─── Provided data ───
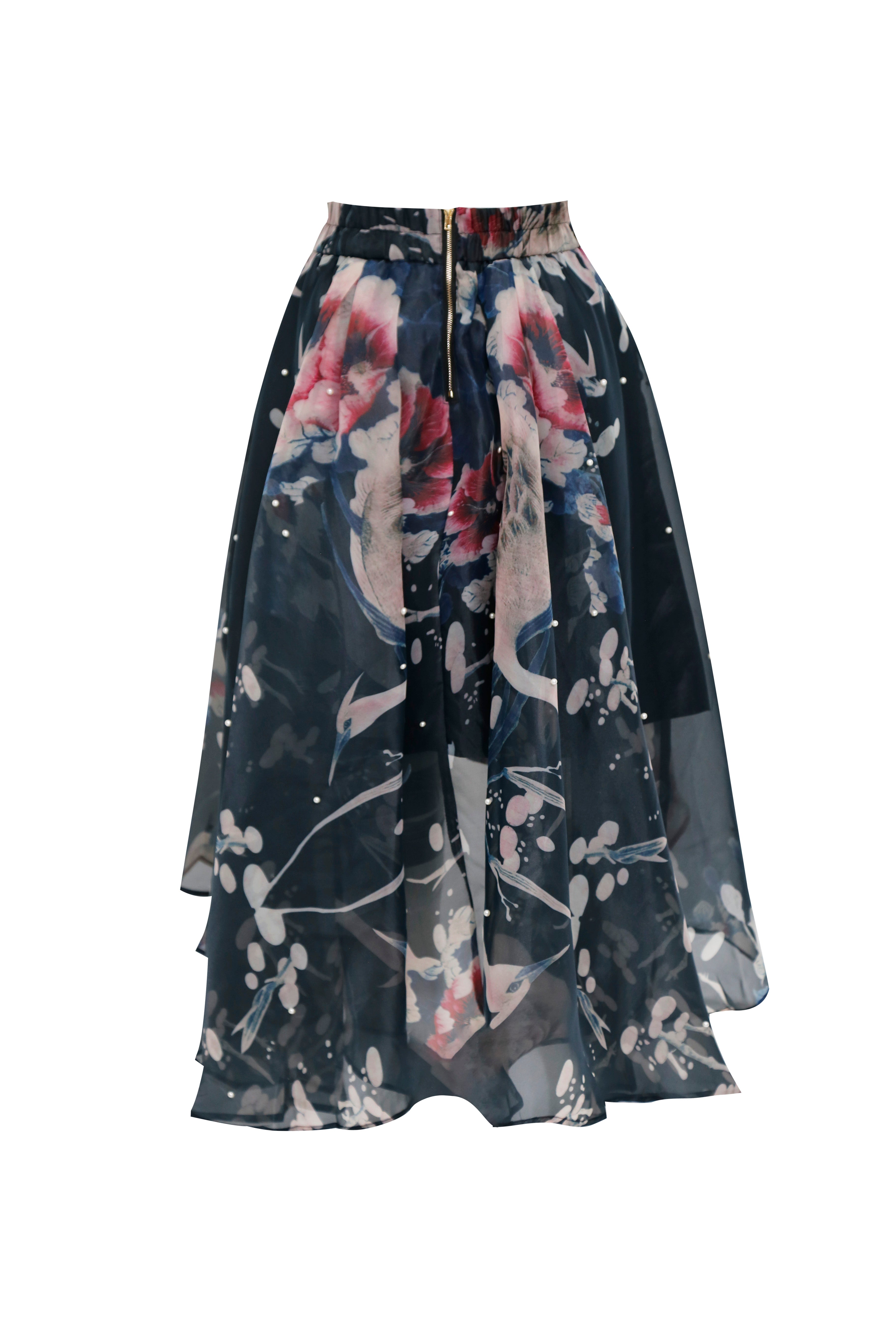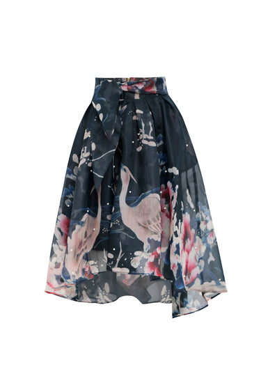 Esta falda midi de silueta evasé es una pieza de estética etérea y romántica que destaca por su riqueza visual y acabados de lujo. Confeccionada en un tejido traslúcido con cuerpo, presenta un estampado pictórico de grullas y motivos botánicos en una paleta de tonos empolvados sobre un fondo oscuro, evocando el arte tradicional asiático.
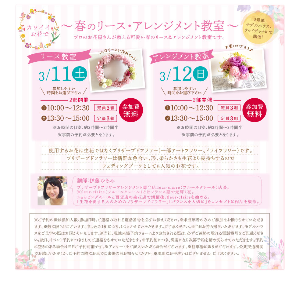プロのお花屋さんが教えるかわいい春のリース&アレンジメント教室です。
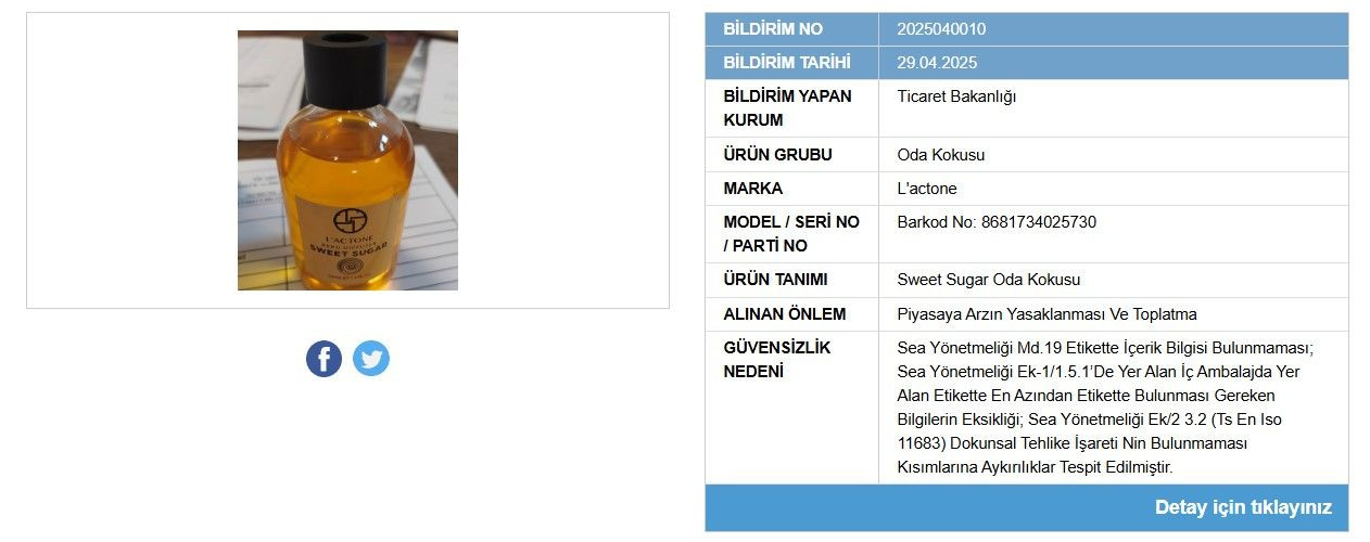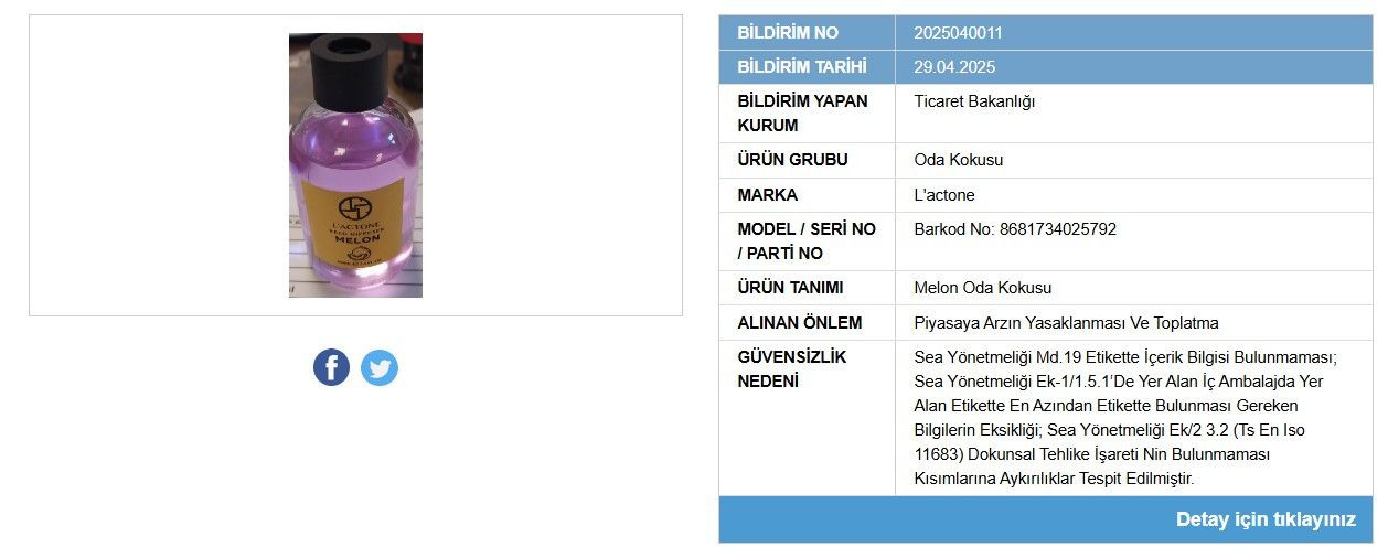 Yapılan denetimlerin ardından Bakanlık, iki adet oda kokusunun kullanımının sağlıksız olduğunu tespit etti. İlgili ürünler hakkında yasaklanması kararı alınırken, piyasadan toplatılmalarına karar verildi.
───
#### Directions
Every line of the listing above is to be set down verbatim, without the pictures.

#### Task solution
 Esta falda midi de silueta evasé es una pieza de estética etérea y romántica que destaca por su riqueza visual y acabados de lujo. Confeccionada en un tejido traslúcido con cuerpo, presenta un estampado pictórico de grullas y motivos botánicos en una paleta de tonos empolvados sobre un fondo oscuro, evocando el arte tradicional asiático.
プロのお花屋さんが教えるかわいい春のリース&アレンジメント教室です。
 Yapılan denetimlerin ardından Bakanlık, iki adet oda kokusunun kullanımının sağlıksız olduğunu tespit etti. İlgili ürünler hakkında yasaklanması kararı alınırken, piyasadan toplatılmalarına karar verildi.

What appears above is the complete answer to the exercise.